This study is subject to several limitations. First, self-reported use of e-cigarettes, cigarettes, and other tobacco products may introduce recall bias and social desirability bias [43]. Second, the small sample size of adolescent e-cigarette users in the PATH study prevented us from conducting a mediation analysis to further examine whether the sex differences could be partially attributed to different nicotine dependence levels between boys and girls. Future studies are needed to explore the mechanisms of the differential effects characterized by sex and other potential characteristics. Third, the association between e-cigarette use at baseline waves and subsequent cigarette smoking identified in this study did not represent a true causal relationship. However, our study did control for a wide range of potential confounding factors and established a temporal relationship and chronological sequence between e-cigarette use and subsequent cigarette smoking, addressing most, if not all, of the concerns and criticisms on the current literature regarding the potential gateway effect of e-cigarettes to cigarette smoking [5,44,45,46].

5. Conclusions

This study’s findings highlighted the important sex differences in the longitudinal association between initial e-cigarette use and subsequent cigarette smoking among U.S. adolescents. Efforts to curb the adolescent vaping epidemic may have added benefits to reduce cigarette initiation, particularly among adolescent boys. Sex-specific tobacco control interventions may be warranted to reduce youth tobacco use. In addition, targeted tobacco control interventions, focusing on youth with severe mental health conditions, are warranted. Finally, continued efforts are needed to monitor tobacco and cigarette transitions among youth, particularly among vulnerable and high-risk youth subpopulations.

Supplementary Materials

The following are available online at https://www.mdpi.com/1660-4601/18/4/1695/s1, Table S1: Items for internalizing and externalizing mental health problems, Table S2: Percentage of ever cigarette smoking at each follow-up wave by covariates at its corresponding baseline wave among baseline never cigarette smokers, Table S3: Adjusted odds ratios (aORs) of ever cigarette smoking at 12-month follow-up waves among adolescents (12–17 years of age) who were never cigarette smokers at baseline waves, Table S4: Adjusted odds ratios (aORs) from subgroup analysis for adolescent boys and girls, Table S5: E-cigarette dependence among P30D e-cigarette users for adolescent boys and girls (aged 12–17).

Author Contributions

Conceptualization, Z.D. and J.H.; methodology, Z.D., J.H., and Y.W.; formal analysis, Z.D. and Y.W.; writing—original draft preparation, Z.D.; writing—review and editing, Z.D., Y.W., and J.H.; project administration J.H., Z.D., and Y.W.; funding acquisition, J.H. All authors have read and agreed to the published version of the manuscript.

Funding

This research was funded by the National Institutes of Health (NIH), grant number R01CA194681.

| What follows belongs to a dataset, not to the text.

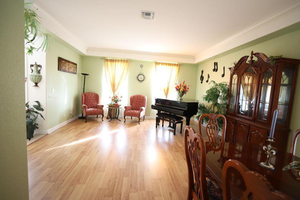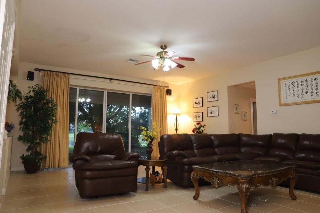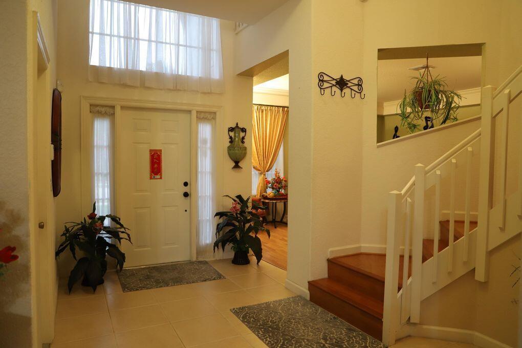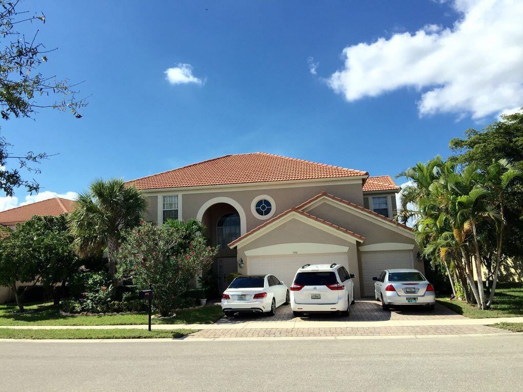 This beautiful house in gated community with community swimming pool, tennis courts and kids playground. Low HOA fee and gorgeous water fountain lake front. 5 bedroom, 4 bathroom, a total of 3,487 square feet under air; including a large game room (400 sqft), formal dining room. Living room and family room, downstairs one bedroom with a full bathroom. Kitchen with breakfast area, granite counter tops and center island. Huge master bedroom with a full bathroom and separate garden tub and shower. Covered patio more than 10 mature fruit trees. Almost 1/4 acre lot. 3 car garage with a driveway that fits 6 cars. Minutes drive to stores (Publix, CVS, Walmart and Home Depot), turnpike and 15 min to PBI airport. Walking distance to Grassy Water Preserve, elementary school and middle school.

Institutional Review Board Statement

Ethical review and approval were waived for this study, because this study involved only secondary data analysis of de-identified PATH survey data, which was deemed as a non-human subject study by the Georgia State University Institutional Review Board (GSU-IRB).

Informed Consent Statement

Informed consent was obtained from all subjects involved in the study.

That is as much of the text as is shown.